By way of preview, our results show that for some of the cryptocurrency markets (bitcoin, ethereum, XRP, cardano) there is evidence of trend chasing (i.e. positive feedback traders), while for other cryptocurrency markets (EOS and stellar) there is evidence of contrarian trading (i.e. negative feedback traders). Taken together, our findings suggest heterogeneity in trading patterns across markets and, generally speaking, that herding has a statistically important impact on the price dynamics of cryptocurrencies.

Furthermore, we also contribute preliminary evidence of a positive risk-return relation for several of our sampled cryptocurrencies (ethereum, XRP, cardano, and IOTA). This finding, despite the relatively short life that many cryptocurrencies have, is very surprising and is not something that is statistically discernible when examining the time series properties of the prices of conventional asset classes. This finding suggests that increases in volatility are associated with rises in prices and, on average, volatility is rewarded in the cryptocurrency market. Among other reasons, this feature in the data can be alluring for prospective investors looking to increase their portfolio exposure to cryptocurrencies.

The remainder of this paper is structured as follows. Section 2 provides a literature background on herding behaviors and on the sampled cryptocurrencies. Section 3 describes the sample data while Sect. 4 outlines the empirical framework. Section 5 discusses the findings and Sect. 6 concludes.

2 Review of literature

2.1 Herding behaviors and feedback trading

A wealth of empirical and theoretical evidence in the behavioral finance domain suggests investor psychology can contribute to speculative bubbles and excess volatility in financial markets, which undermine informational and allocative efficiency. Well documented examples exist of phenomenon that conflict with the efficient market doctrine, such as the under- and over-reaction of stocks (Bartov et al. 2000), the equity premium puzzle (Mehra and Prescott 1985), firm size and calendar effects (Reinganum 1983; Keim and Stambaugh 1986), and price momentum (Frazzini 2006). Moreover, such behavioral biases can lead to noise trading and are inconsistent with individual investor welfare (Huberman and Regev 2001).

A specific focus of recent behavioral finance literature has been the role of herding in financial markets (Cipriani and Guarino 2014). Broadly speaking, this literature can be separated into two main streams that consider rational and irrational herding behaviors, respectively (Hirshleifer and Teoh 2003).
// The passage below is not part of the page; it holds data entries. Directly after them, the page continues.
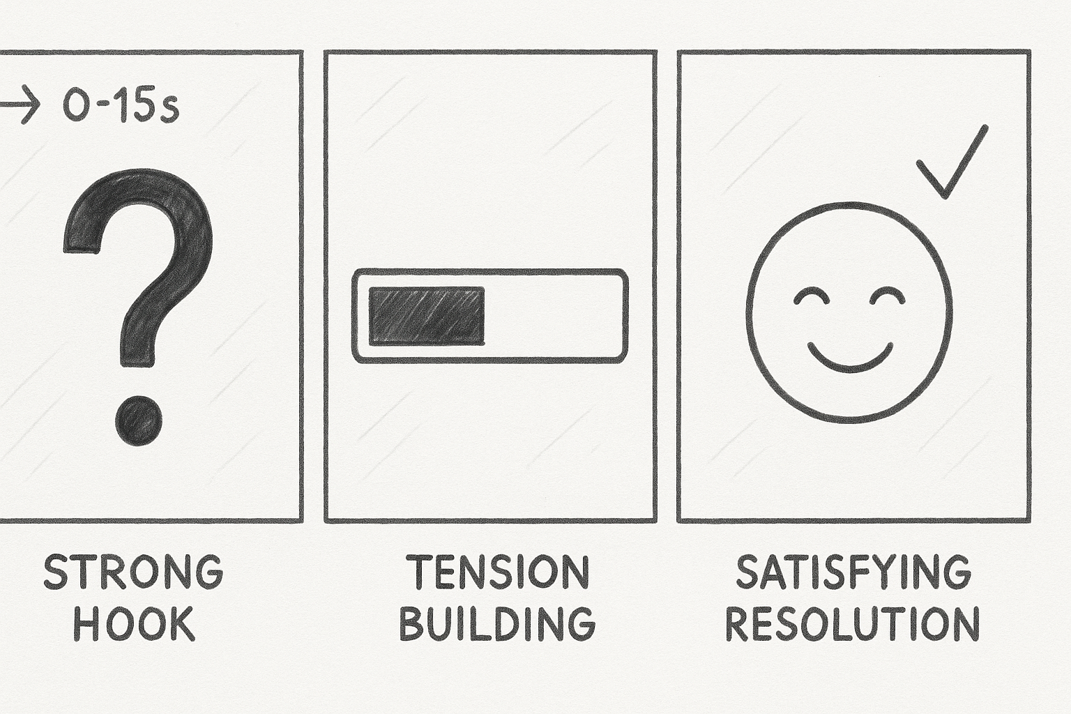 Video-Storyboard mit Hook, Spannungsaufbau und Auflösung
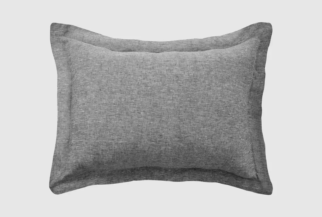 Open Box: Belgian Flax Linen Double Flange Sham, Standard Set Of 2 - Heathered Charcoal
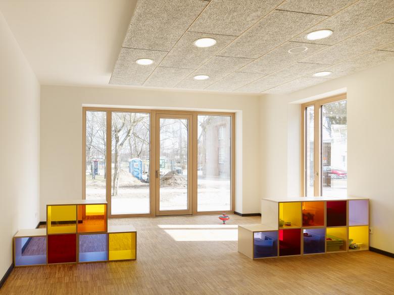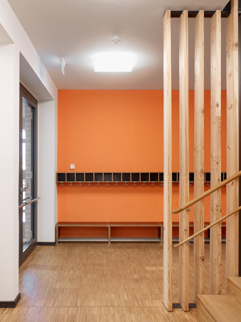 Die Kindertageseinrichtung der Musik- und Kunstschule ist als dreigeschossiger, schlanker Baukörper an der Stelle eines historischen Stadttores als Bestandteil der Stadtmauer entstanden. Durch die Fortführung der vorhandenen Mauer begleitenden Bebauung und der für Lübeck typischen Verschneidung mit einem hohen Endpunkt wird das historische Thema „Mauer und Gebäude“ aufgegriffen und neu interpretiert.

Much of the focus with this literature is on intentional, or, rational, herding and informational cascade effects. In particular, investors may choose to intentionally ignore any fundamental or private information they may possess and instead ‘follow the herd’ by imitating the trades of other investors (Graham 1999). Additional reasons for herding (positive feedback trading) can arise from reputational and career concerns (Dasgupta and Prat 2008) or when there are liquidity or hedging concerns that cause widespread trading in one direction or another.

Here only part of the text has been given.